Costello calls on city manager to tackle horses issue

Residents are concerned with the health hazard posed to children by horse dung in their local estates.  		Photo:-Mike Shuaghnessy

Residents are concerned with the health hazard posed to children by horse dung in their local estates. Photo:-Mike Shuaghnessy

Residents in a number of housing estates in the Ballybane area are up in arms over the Galway City Council’s perceived failure to tackle the on-going problems with horses being left tethered or roaming free, leaving manure and muck on green areas, footpaths, and streets.

The concern for the potential danger posed to young children playing in the area and the damage to vehicles has also been highlighted by a number of city councillors who have raised the issue with the council.
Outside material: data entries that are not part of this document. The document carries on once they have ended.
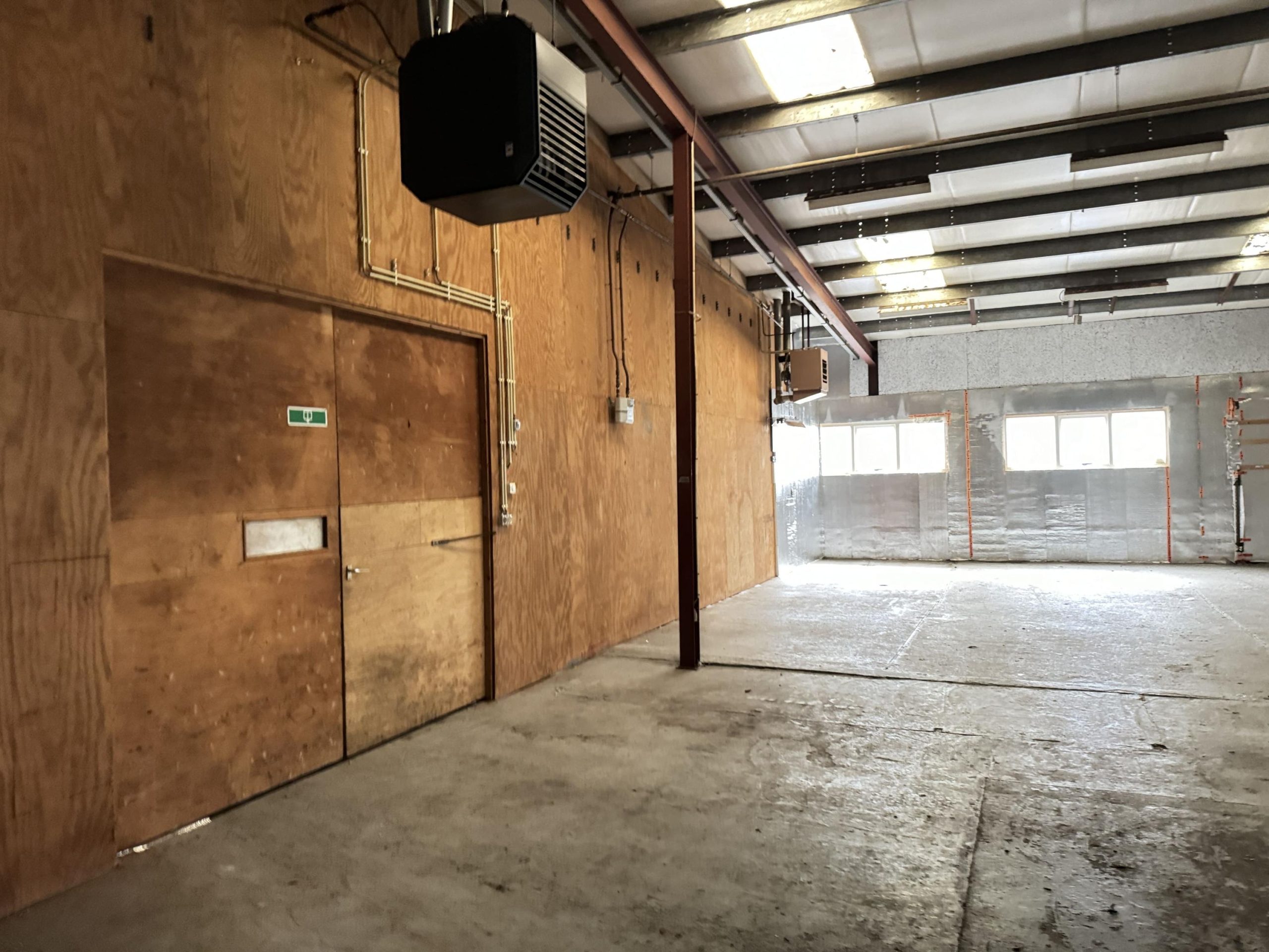 Bedrijfsruimte: meerdere overheaddeuren, heaters, betonvloer, 42 zonnepanelen en tl-verlichting.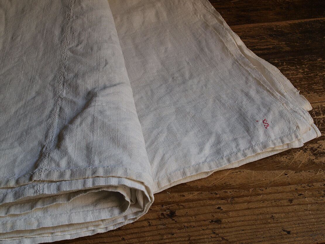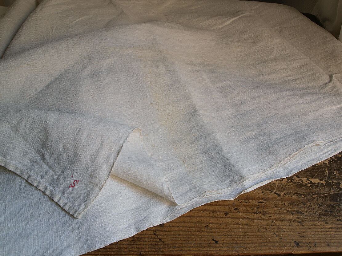 ヨーロッパのアンティーク市にて入手。1930年ぐらい。 少し厚手の平織り、昔のナイティなどにも使われた素材です。細幅の生地を2枚手で丁寧にかがりつけて幅を出してあります、広幅織機が一般的でなかった時代の物です。角に小さなイニシャル刺繍、昔は共同洗濯場で自分の家のものがわかるように刺繍していました。洗濯してありますが、シミなどあります、未晒しの生地です、全体的に糸の色むらもあります、写真参照。洗濯済、実用可能なアンティーク。量産品ではありません。昔の手作業をご堪能下さい。参考資料、リメイクにもどうぞ。ファブリック、衣装、手芸関連を得意としております。他の商品も是非ご覧下さい。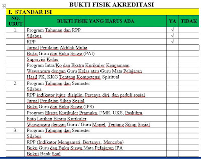 Sebelum team asesor akreditasi datang ke sekolah atau madrasah tentu penyelenggara sekolahmadrasah harus membuat persiapan diantaranya adalah. Dalam blog ini kami bahas bukti fisik akreditasi sekolah sdmi lengkap 119 instrumen akreditasi dari 8 standar.
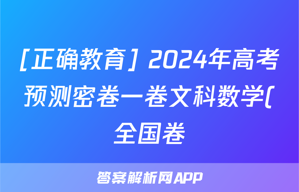 [正确教育] 2024年高考预测密卷一卷文科数学(全国卷)试题,目前2024-2025英语周报圈已经汇总了[正确教育] 2024年高考预测密卷一卷文科数学(全国卷)试题的各科答案和试卷,获取更多{{papers_name}}答案解析,请在关注本站。

“There have been a lot of complaints made, but we seem to be knocking our heads off a stone wall,” said Labour Councillor Tom Costello, who is now calling on city manager Joe McGrath to take a more hands-on approach to deal with the issue.

“Horses are in gardens, out on the roads, in the green areas. There’s a major danger to young children and damage to cars. The horses are wandering loose in a lot of estates in Ballybane. Some horses are tethered from time to time but a lot of them are left on undeveloped land and break through boundary fences to run freely onto the estates.

“I’d like to hear from the council what their intent is. The residents associations and the councillors have been reporting this problem for a long time but we’ve had no success. People are totally frustrated at this stage.”

Cllr Costello said that the council needs to take “urgent action” in relation to horses in the area. He also criticised the council for the lack of street sweepers in a number of local authority housing estates in the Ballybane area.

“We were told this was due to cut backs and were assured that a programme would be implemented to ensure that each area gets its fair share, but we don’t see anything on the ground. A lot of estates have simply been forgotten about,” said Cllr Costello who added that he will be raising these issues at the next city council meeting.

A Fana Glas resident told the Advertiser that “there’s horses and muck all over the place and the council are passing the buck”. “The horses are left for days at a time and they’re not being watered. It’s a disgrace. We’re are at our wits end,” said the woman who further explained that many residents endeavour to keep the area clean of muck and manure but that it is a never ending battle. “It’s an environmental health issue, there’s manure all over our car wheels and it’s all up on the curb where the children play. We [the residents] don’t mind the horses but sometimes they’re not being fed or watered. I can’t understand why the council is not doing anything. I’m not going to keep cleaning up after the horses. I’m sick of doing it,” she said.

A spokesperson for Galway City Council said that “no specific complaints” regarding horses in the Ballybane area have been received recently, but that any official complaint is dealt with seriously and in some cases an investigation is launched to identify owners and issue a warning to secure their animals and take responsibility. The spokesperson added that the council does receive complaints from all over the city and that in the last month alone six horses were taken from the western side of the city and impounded. Regarding the issue of street sweepers, he said that all housing estates are part of a “rota of cleaning”.